EXERCISE =
Copy out exactly, from the entries that follow, the line holding "针对大量外地家长陪同参与、场", the line holding "廚房選用了深色的柜體,黃銅把", and all lines between them, but no pictures.

RECORDS SHOWN =
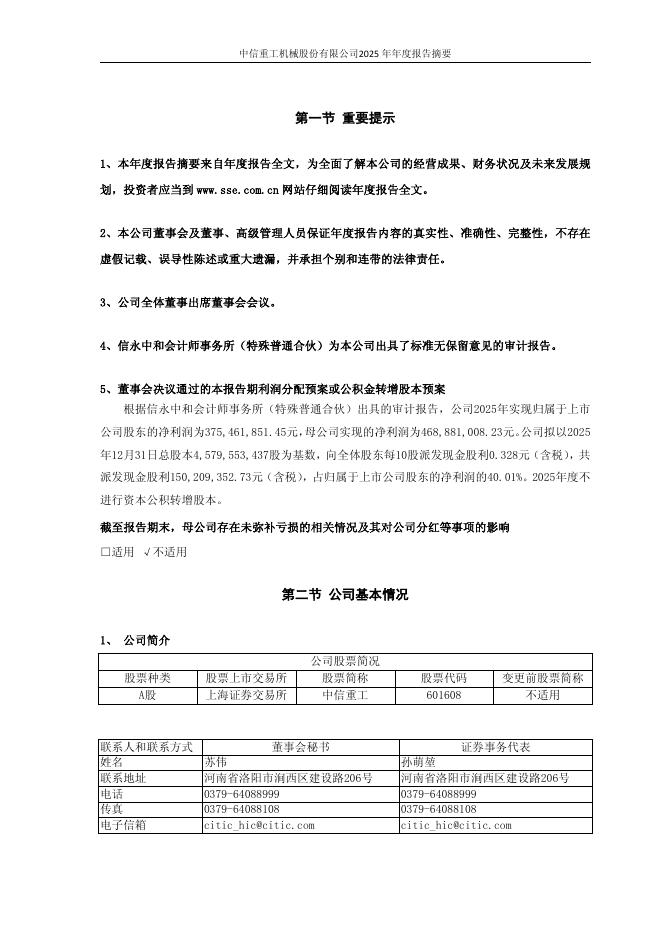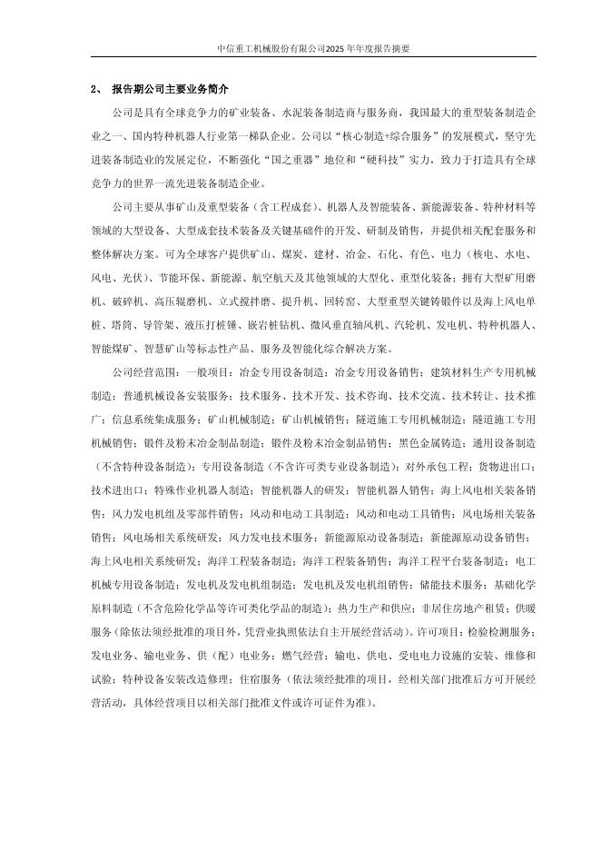 601608-中信重工:中信重工2025年年度报告摘要.pdf
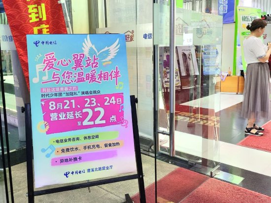 针对大量外地家长陪同参与、场外等候陪伴需求突出的情况,上海电信漕溪北路营业厅主动作为,演唱会期间将营业时间延长至晚上十点,“爱心翼站”服务同步延时,为等候的家长提供休憩场所与暖心服务,累计接待近五百人次。
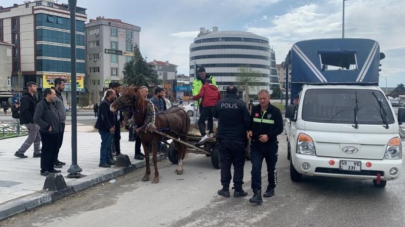 Tekirdağ’da polisin dur ihtarına uymayan at arabası ortalığı birbirine kattı. Yaşanan kovalamaca at arabasının iki araca çarparak durmasıyla son buldu.
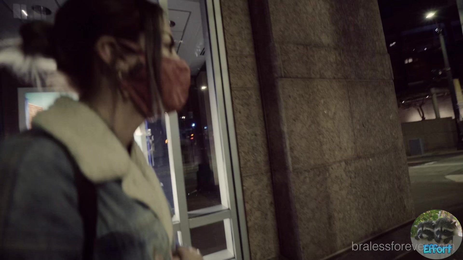 La curvilínea Bralessforever Bella sale a la ciudad y muestra sus senos en público.
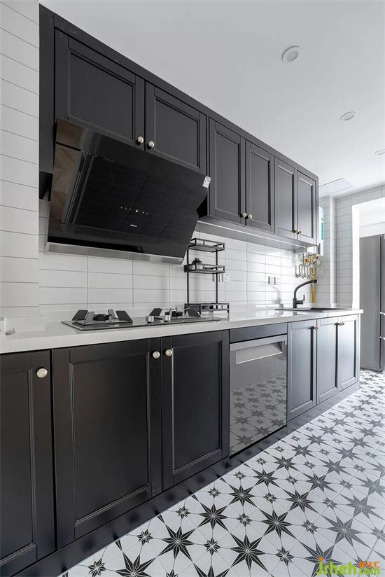 廚房選用了深色的柜體,黃銅把手與深顏色的柜體相得益彰。廚房頂面用了防水石膏板和筒燈的結(jié)合,柜體內(nèi)嵌洗碗機(jī),裝修徹底解除洗碗的煩惱,200*200的花磚,讓復(fù)古中帶有幾分俏皮。
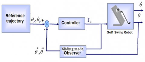 The golf swing motion control outstanding interests many researchers. For example, Xu et al. [14] applied a PID controller to reduce the robot's tracking error. Studies from Xu et al. [18] and Xu et al. [19] reported that an energy controller is adopted to realize a specified hitting speed at the impact position in the swing. Meanwhile, for the stopping problem that arises from follow-through, a PD control and PD plus Gravity and Coupling Torque Compensation (PGCTC) feedback control taken into smoothly slow down and stop swinging at a specified finish position. Others, conventional controllers devoted to robotics have also been tested [20]. However, not all of these conventional controllers can overcome the internal and external disturbances, which influence the behavior of robot . In our previous work [20], a sliding mode controller, a backstepping controller and a hybrid controller were applied to the robot which combines sliding mode with backstepping are proposed. Nevertheless, these control laws are based on complete state feedback. However, in many practical situations, the joint angular velocities are obtained either by differentiating the measured joint angular positions or through tachymeter. In both cases, the velocity signal is contaminated by the noise. This can reduce the dynamic performance of closed-loop robot systems and influence its stability. To overcome this problem, the $H_{\infty}$ observer was used to estimate joint angular velocities [21].
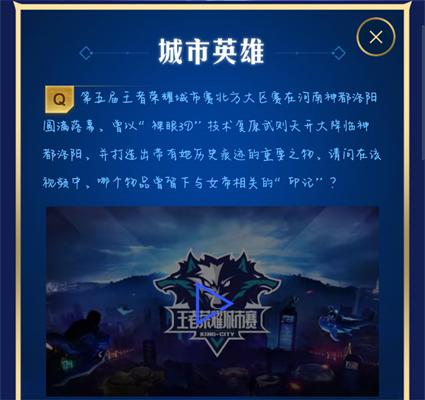 王者荣耀峡谷探秘城市英雄答案是什么?王者荣耀开启了峡谷探秘活动,参与活动可以领取免费头像框,那么城市英雄这个站的答案是什么呢?下面一起来了解一下吧!
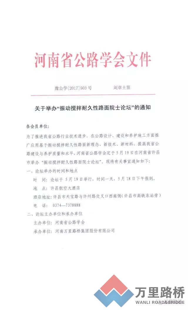 為了推進我省公路行業(yè)技術(shù)進步,在公路設(shè)計、建設(shè)和養(yǎng)護施工方面推廣應(yīng)用基于振動攪拌耐久性路面新理念、新技術(shù)、新材料,提高我省公路建設(shè)與養(yǎng)護質(zhì)量和水平,河南省公路學會定于5月19日在河南省許昌市舉辦“振動攪拌耐久性路面院士論壇”?,F(xiàn)將有關(guān)事宜通知如下:
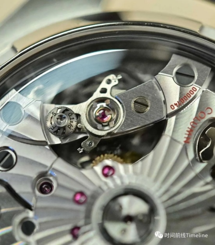 使用柱狀輪,垂直離合,硅游絲,無卡度砝碼微調(diào),擺頻28800次/時,動力60小時。但各位可以看到,擺輪夾板上,多了Spirate系統(tǒng)的調(diào)節(jié)“小圓片”。
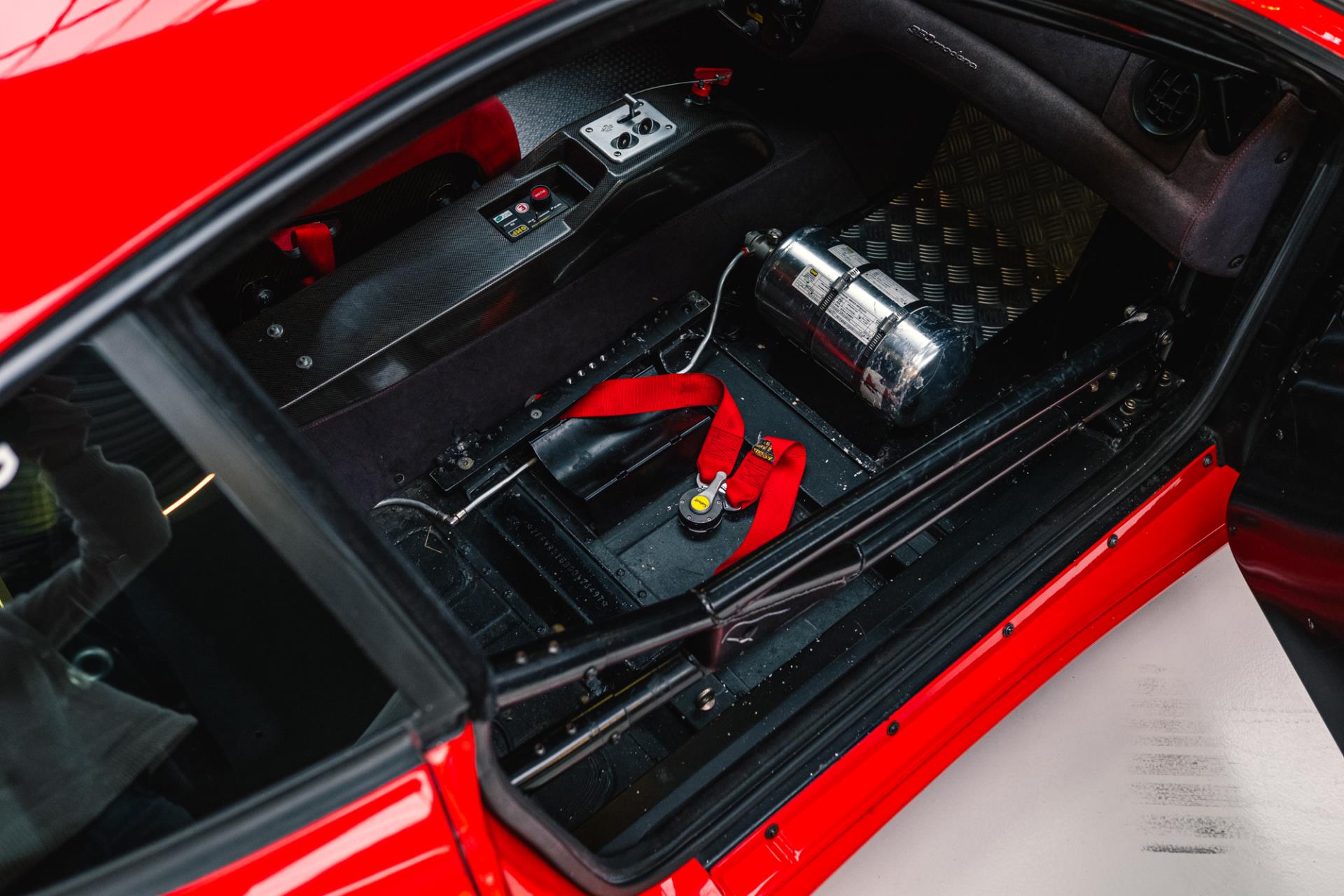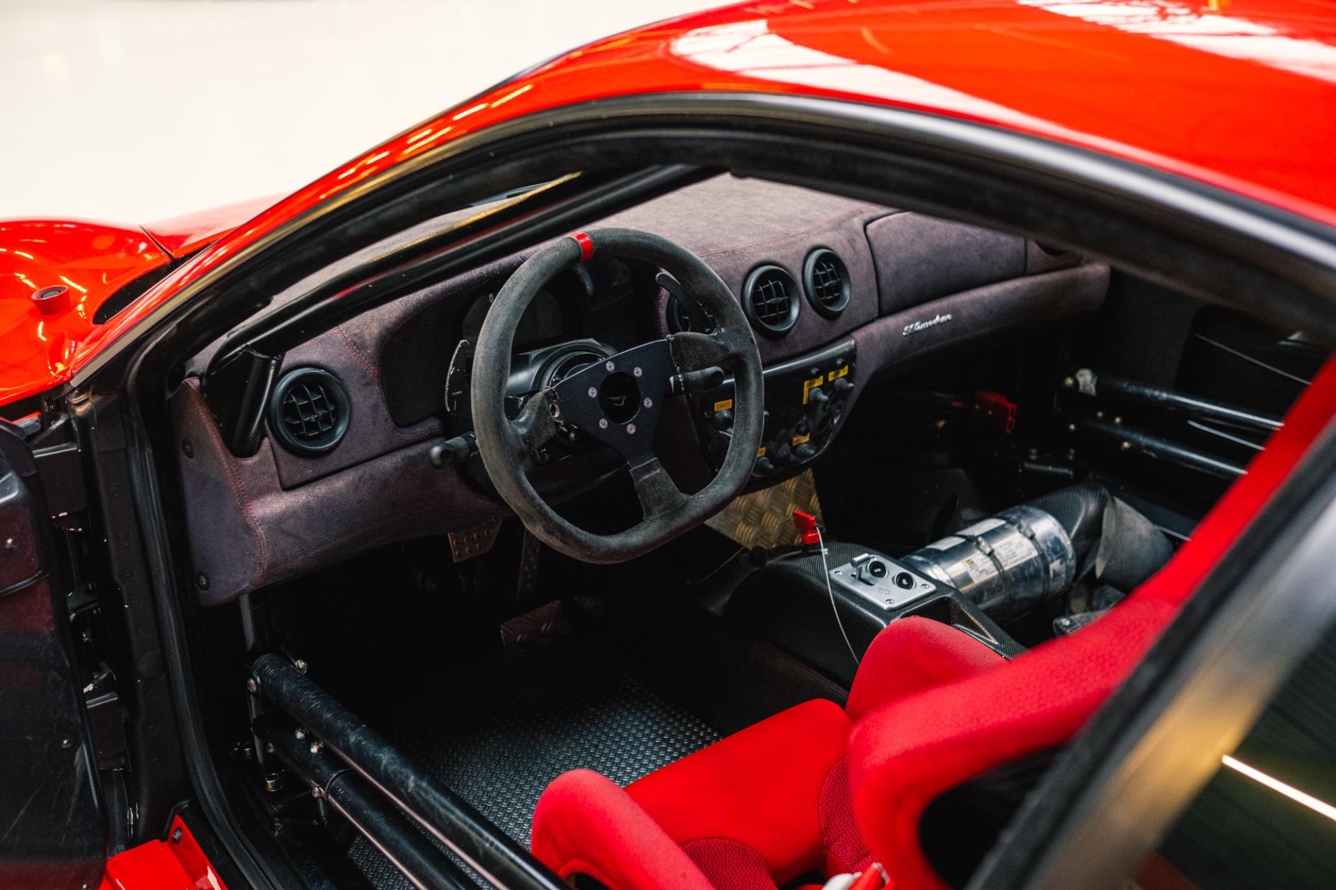 The 360 Challenge featured race-oriented modifications such as a roll cage, FIA-approved seat belts, a fire extinguishing system and a stripped interior with no comfort features .

SOLUTION FOR THIS TASK =
 针对大量外地家长陪同参与、场外等候陪伴需求突出的情况,上海电信漕溪北路营业厅主动作为,演唱会期间将营业时间延长至晚上十点,“爱心翼站”服务同步延时,为等候的家长提供休憩场所与暖心服务,累计接待近五百人次。
 Tekirdağ’da polisin dur ihtarına uymayan at arabası ortalığı birbirine kattı. Yaşanan kovalamaca at arabasının iki araca çarparak durmasıyla son buldu.
 La curvilínea Bralessforever Bella sale a la ciudad y muestra sus senos en público.
 廚房選用了深色的柜體,黃銅把手與深顏色的柜體相得益彰。廚房頂面用了防水石膏板和筒燈的結(jié)合,柜體內(nèi)嵌洗碗機(jī),裝修徹底解除洗碗的煩惱,200*200的花磚,讓復(fù)古中帶有幾分俏皮。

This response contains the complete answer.